- Problem statement -
If an entry holds a picture, drop the picture and restate the rest word for word.

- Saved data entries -
= = = = = = =

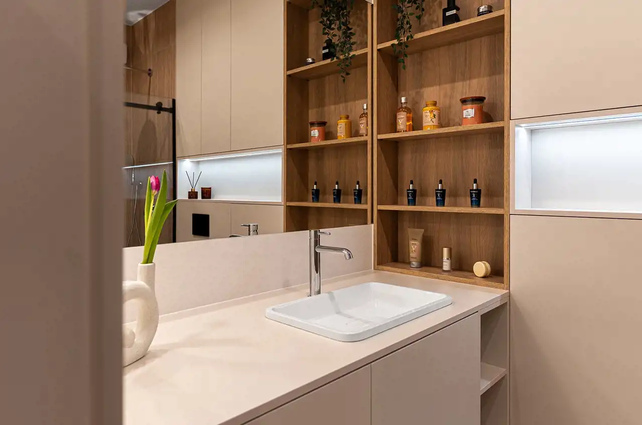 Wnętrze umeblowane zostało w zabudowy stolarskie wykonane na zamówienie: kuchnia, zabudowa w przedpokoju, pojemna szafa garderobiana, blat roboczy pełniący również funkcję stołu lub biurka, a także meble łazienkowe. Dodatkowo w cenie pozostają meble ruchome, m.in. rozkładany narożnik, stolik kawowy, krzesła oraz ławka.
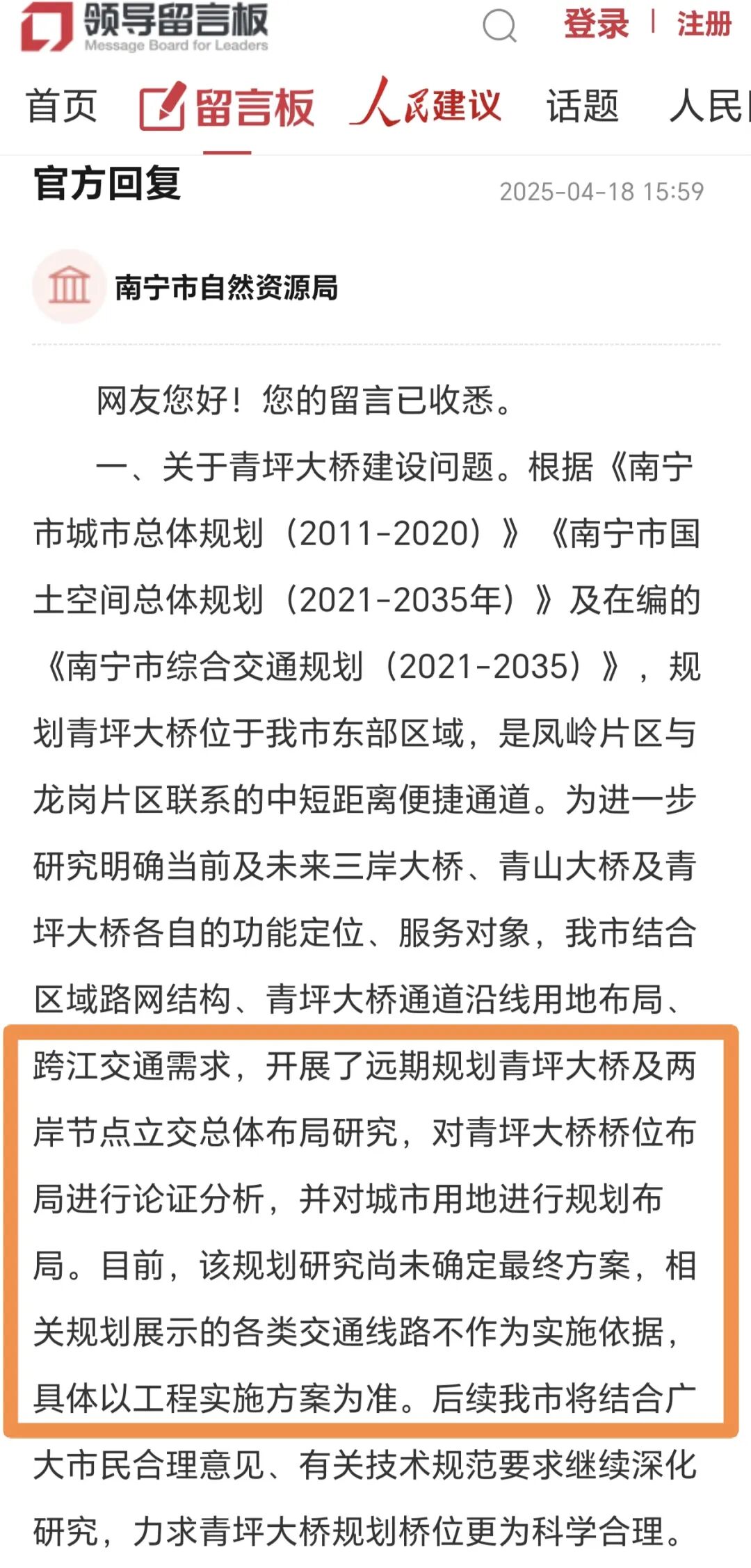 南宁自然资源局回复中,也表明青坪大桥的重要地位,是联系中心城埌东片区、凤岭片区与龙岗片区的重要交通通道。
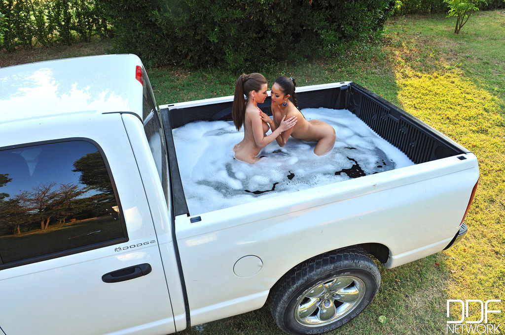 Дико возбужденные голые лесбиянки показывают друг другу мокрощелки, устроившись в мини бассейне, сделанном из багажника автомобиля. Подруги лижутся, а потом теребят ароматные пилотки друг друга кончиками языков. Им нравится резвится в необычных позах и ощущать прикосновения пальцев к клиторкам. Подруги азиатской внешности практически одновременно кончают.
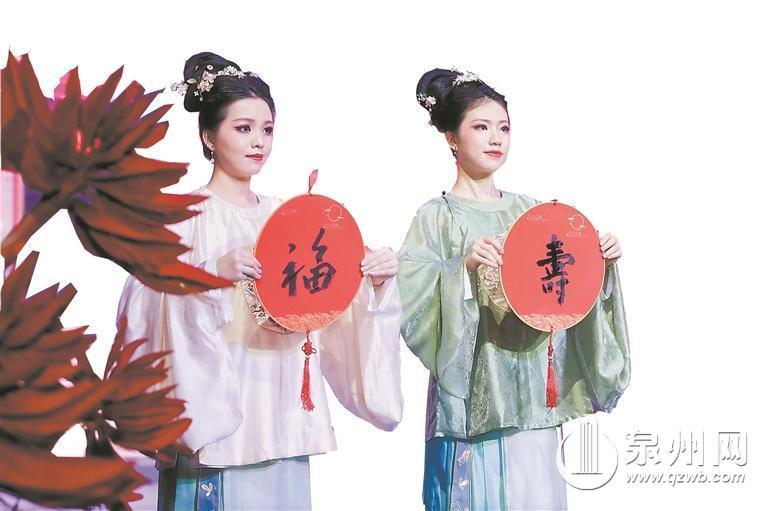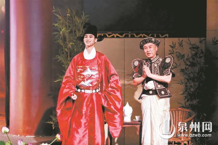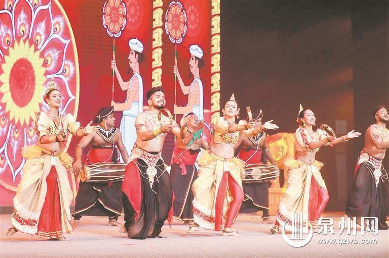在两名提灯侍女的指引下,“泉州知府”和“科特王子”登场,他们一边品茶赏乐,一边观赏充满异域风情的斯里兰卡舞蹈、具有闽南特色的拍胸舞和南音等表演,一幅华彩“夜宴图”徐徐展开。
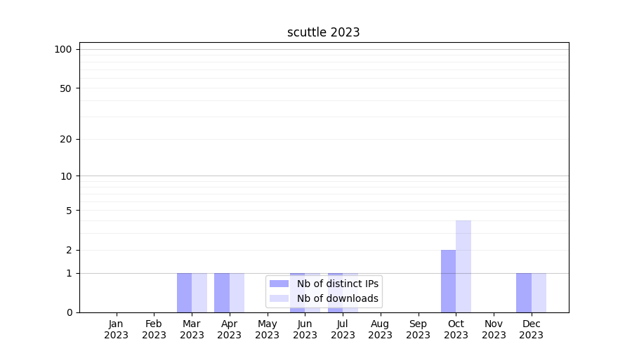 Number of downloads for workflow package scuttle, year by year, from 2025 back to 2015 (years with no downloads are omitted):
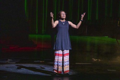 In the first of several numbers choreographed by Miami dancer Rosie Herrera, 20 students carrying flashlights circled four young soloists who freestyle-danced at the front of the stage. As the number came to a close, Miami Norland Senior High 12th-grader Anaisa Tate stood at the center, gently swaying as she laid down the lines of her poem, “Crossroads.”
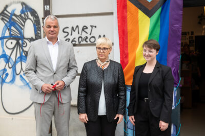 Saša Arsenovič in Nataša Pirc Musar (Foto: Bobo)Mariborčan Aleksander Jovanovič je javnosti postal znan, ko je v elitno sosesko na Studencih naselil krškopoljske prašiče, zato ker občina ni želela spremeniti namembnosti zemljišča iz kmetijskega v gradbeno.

= = = = = = =

- Response area -
 Wnętrze umeblowane zostało w zabudowy stolarskie wykonane na zamówienie: kuchnia, zabudowa w przedpokoju, pojemna szafa garderobiana, blat roboczy pełniący również funkcję stołu lub biurka, a także meble łazienkowe. Dodatkowo w cenie pozostają meble ruchome, m.in. rozkładany narożnik, stolik kawowy, krzesła oraz ławka.
 南宁自然资源局回复中,也表明青坪大桥的重要地位,是联系中心城埌东片区、凤岭片区与龙岗片区的重要交通通道。
 Дико возбужденные голые лесбиянки показывают друг другу мокрощелки, устроившись в мини бассейне, сделанном из багажника автомобиля. Подруги лижутся, а потом теребят ароматные пилотки друг друга кончиками языков. Им нравится резвится в необычных позах и ощущать прикосновения пальцев к клиторкам. Подруги азиатской внешности практически одновременно кончают.
在两名提灯侍女的指引下,“泉州知府”和“科特王子”登场,他们一边品茶赏乐,一边观赏充满异域风情的斯里兰卡舞蹈、具有闽南特色的拍胸舞和南音等表演,一幅华彩“夜宴图”徐徐展开。
 Number of downloads for workflow package scuttle, year by year, from 2025 back to 2015 (years with no downloads are omitted):
 In the first of several numbers choreographed by Miami dancer Rosie Herrera, 20 students carrying flashlights circled four young soloists who freestyle-danced at the front of the stage. As the number came to a close, Miami Norland Senior High 12th-grader Anaisa Tate stood at the center, gently swaying as she laid down the lines of her poem, “Crossroads.”
 Saša Arsenovič in Nataša Pirc Musar (Foto: Bobo)Mariborčan Aleksander Jovanovič je javnosti postal znan, ko je v elitno sosesko na Studencih naselil krškopoljske prašiče, zato ker občina ni želela spremeniti namembnosti zemljišča iz kmetijskega v gradbeno.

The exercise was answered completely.